> Exercise brief:
Although pictures appear in the entries below, leave them out and print exactly the lines from the first line through the line containing "LR MADE 22AW古着感肌理条纹 日系简约色织复古宽松方领长袖衬衫".

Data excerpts
━━━━━━━━━━━━━━━━━━━━

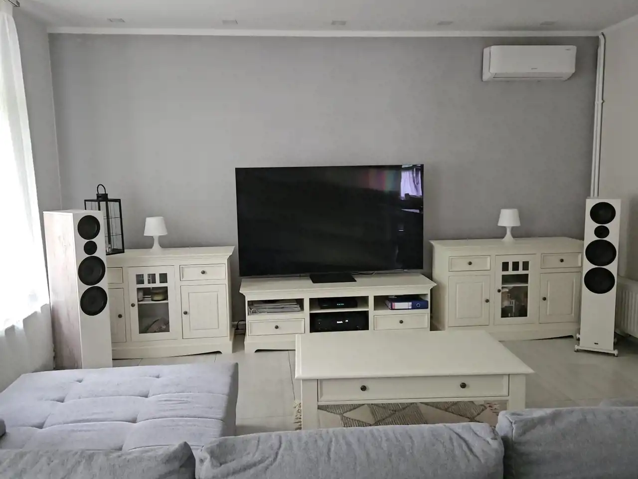 W części salonowej: kanapa, komody, szafka RTV, stolik kawowy, klimatyzator, dywanik
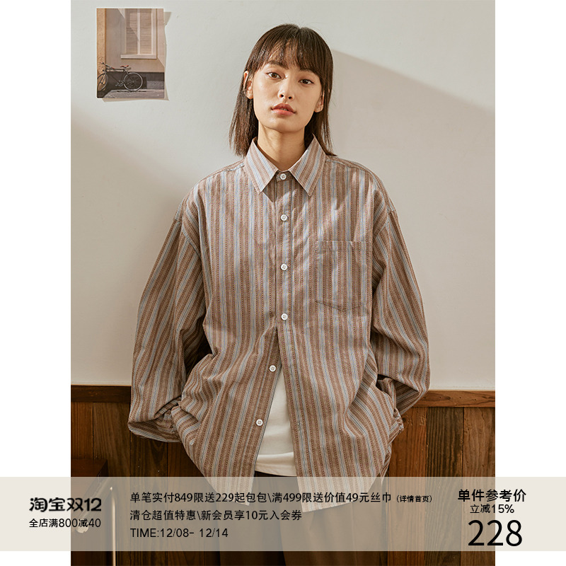 LR MADE 22AW古着感肌理条纹 日系简约色织复古宽松方领长袖衬衫
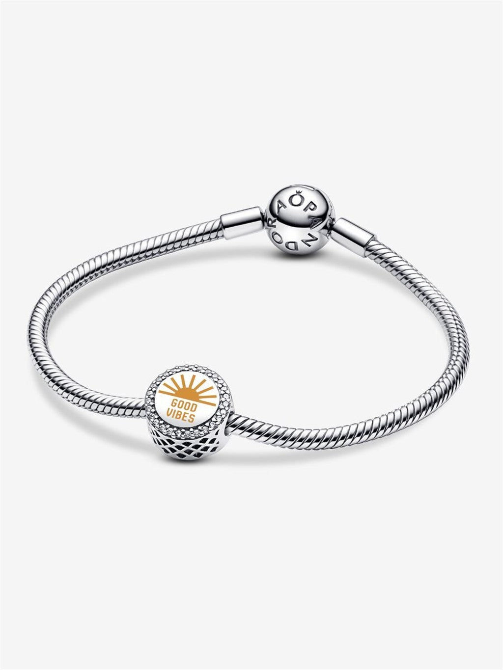 Catch The Rays Of Positivity With The Engravable Good Vibes Charm. This Circle-Shaped Charm Is Framed By A Dazzling Row Of Cubic Zirconia, Adding A Sparkle That Matches Your Energy. In The Center, A Radiant Yellow Sunshine Design Brings A Burst Of Warmth, With “Good Vibes” Boldly Inscribed To Spread Nothing But Positivity. The Charm’S Playful Design Is Perfect For Any Day, And The Back Is Ready For Your Own Personal Engraving. A Sweet Reminder To Keep The Good Vibes Flowing Wherever You Go. Style Number ENG792016CZ_316
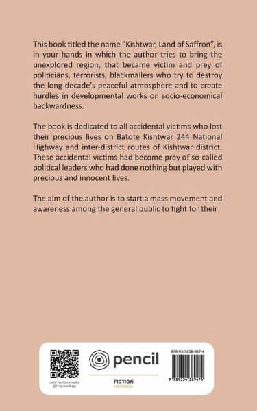 This book titled the name "Kishtwar, Land of Saffron", is in your hands in which the author tries to bring the unexplored region, that became victim and prey of politicians, terrorists, blackmailers who try to destroy the long decade's peaceful atmosphere and to create hurdles in developmental works on socio-economical backwardness. The book is dedicated to all accidental victims who lost their precious lives on Batote Kishtwar 244 National Highway and inter-district routes of Kishtwar district. These accidental victims had become prey of so-called political leaders who had done nothing but played with precious and innocent lives. The aim of the author is to start a mass movement and awareness among the general public to fight for their
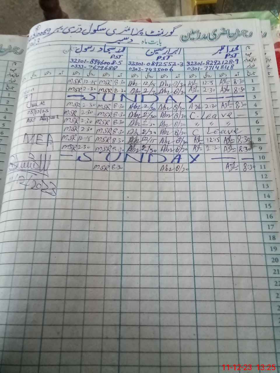| Name: MU**** AZ**** Designation: (School Headmaster's/Headmistress's) PST Phone/Cell Number: 03**** |
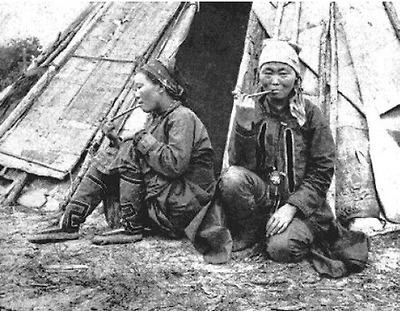 (길리약족 텐트와 여인- 인디언 텐트와 무엇이 틀린가?)

━━━━━━━━━━━━━━━━━━━━

> Written answer:
 W części salonowej: kanapa, komody, szafka RTV, stolik kawowy, klimatyzator, dywanik
 LR MADE 22AW古着感肌理条纹 日系简约色织复古宽松方领长袖衬衫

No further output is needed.